Economics assessment and ChatGPT

At the end of last year OpenAI launched ChatGPT – Generative Pre-trained Transformer. It has the ability to impact traditional assessment methods by generating answers to questions which are often indistinguishable from a student response.

ChatGPT operates using algorithms that process data, allowing it to string words together in response to a prompt. Unlike humans, ChatGPT has access to vast troves of information available on the internet and uses large language modelling to recognise patterns in the words in each prompt to mimic human writing when dispensing knowledge.

A recent research paper entitled ‘ChatGPT has Aced the Test of Understanding in College Economics: Now What?’ by Wayne Geerling; G. Dirk Mateer; Jadrian Wooten; Nikhil Damodaran (2023), looks to evaluate if ChatGPT could outperform the average undergraduate student in economics using the Test of Understanding in College Economics (TUCE) which has been in use in US Universities for more than 50 years. There are two multiple-choice tests of 30 questions covering micro and macro economics.

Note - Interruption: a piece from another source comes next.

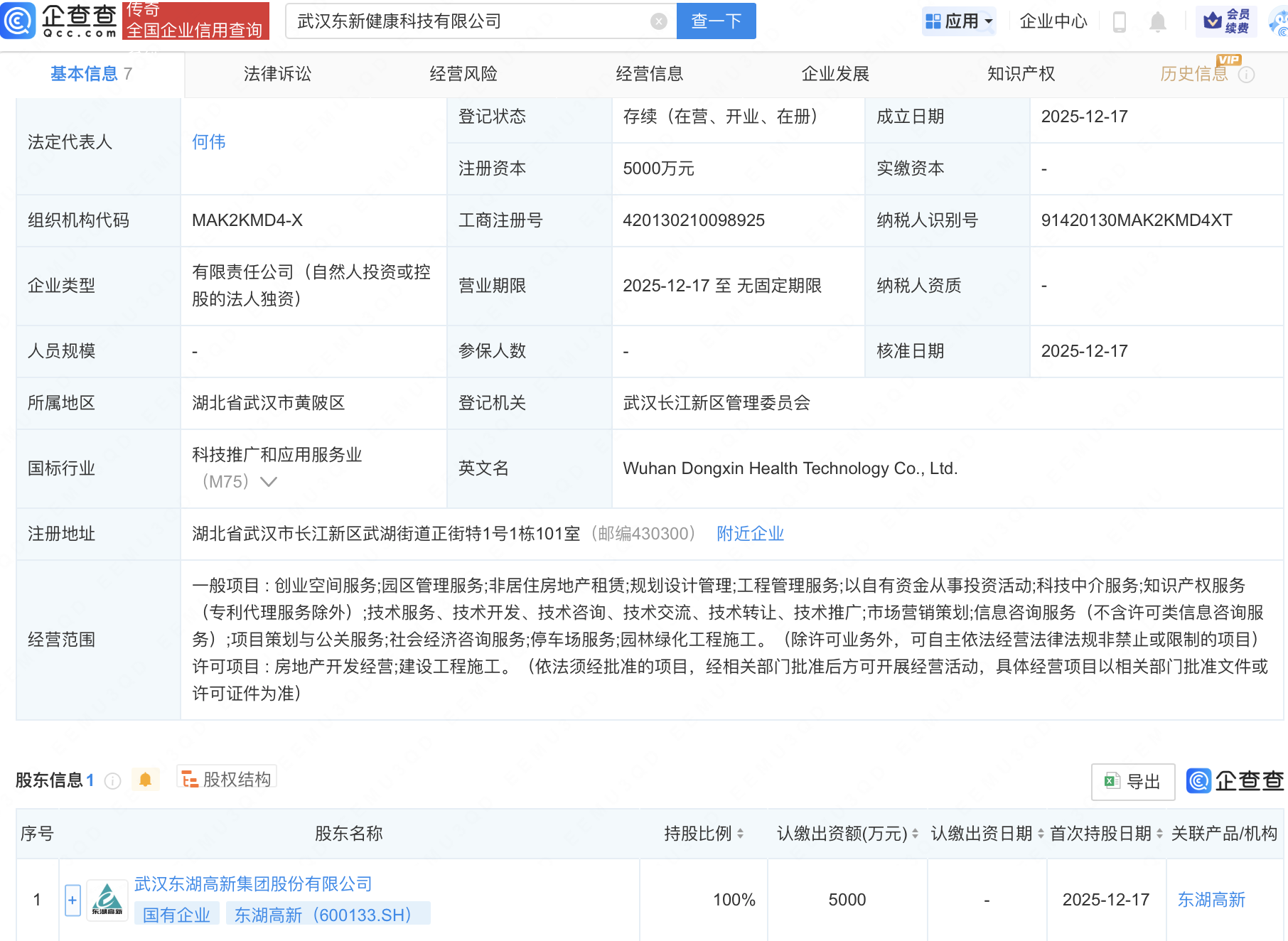 近日,武汉东新健康科技有限公司成立,经营范围包含:创业空间服务;园区管理服务;非居住房地产租赁;规划设计管理等。企查查股权穿透显示,该公司由东湖高新(600133)全资持股。

The two tests were conducted with thousands of economics students from US universities and were sat before the start and at the end of the semester. The pre and post results would enable educators to measure the impact of particular pedagogy over this time period. The results were as follows with most students answer around 40–50% of questions correctly. The authors then put the two tests through ChatGPT and found that it answered 19 of 30 microeconomics questions correctly and 26 of 30 macroeconomics questions correctly, ranking in the 91st and 99th percentile, respectively – see graph for microeconomics test.

Some interesting findings regarding ChatGPT answers include:

  • Choosing all 4 options as an answer to a multiple choice question
  • Being unable to process images
  • Questions answered wrong in the micro exam include: Supply and Demand x2, Factors of Production, Utility, Elasticity, Comparative Advantage, Externalities, Market Structure and it did not answer Profit Maximisation. Profit Maximisation not applicable
  • Questions answered wrong in the macro exam include: Components of GDP, Tools of Monetary Policy x2, Exchange Rates.

Where to from here?
Using software tools such as Turnitin may not be sufficient to spot a student answer using ChatGPT therefore educators need look at designing assessments that focus on critical thinking and analytical skills that cannot be easily duplicated by AI.

  • Assessments need to reward students that know the content and not those that are able to source answers through classmates or ChatGPT. By introducing time restrictions those students who have knowledge of the material are in a much better position to answer more questions.
  • It is important to highlight that although ChatGPT looks to be very valid in its response to a question it doesn’t mean that it is correct. A popular recommendation amongst teachers is to produce ChatGPT with errors and have students to identify as many as they can.
  • There are other ways to engage students in learning experiences that can’t be replicated through ChatGPT namely classroom presentations, data response type questions, in-class writing assignments, collaborative learning project with students in different countries, quizzes etc. This goes beyond the simple memorisation of notes and theory and addresses the complex nature of economics with a deeper understanding.
  • Tools like ChatGPT are likely to become a common part of the writing process, just as calculators and computers have become essential tools for learning mathematics and science. The challenge of universities is to adapt their curriculum to this new reality and to embrace the new era with innovative and effective assessment strategies.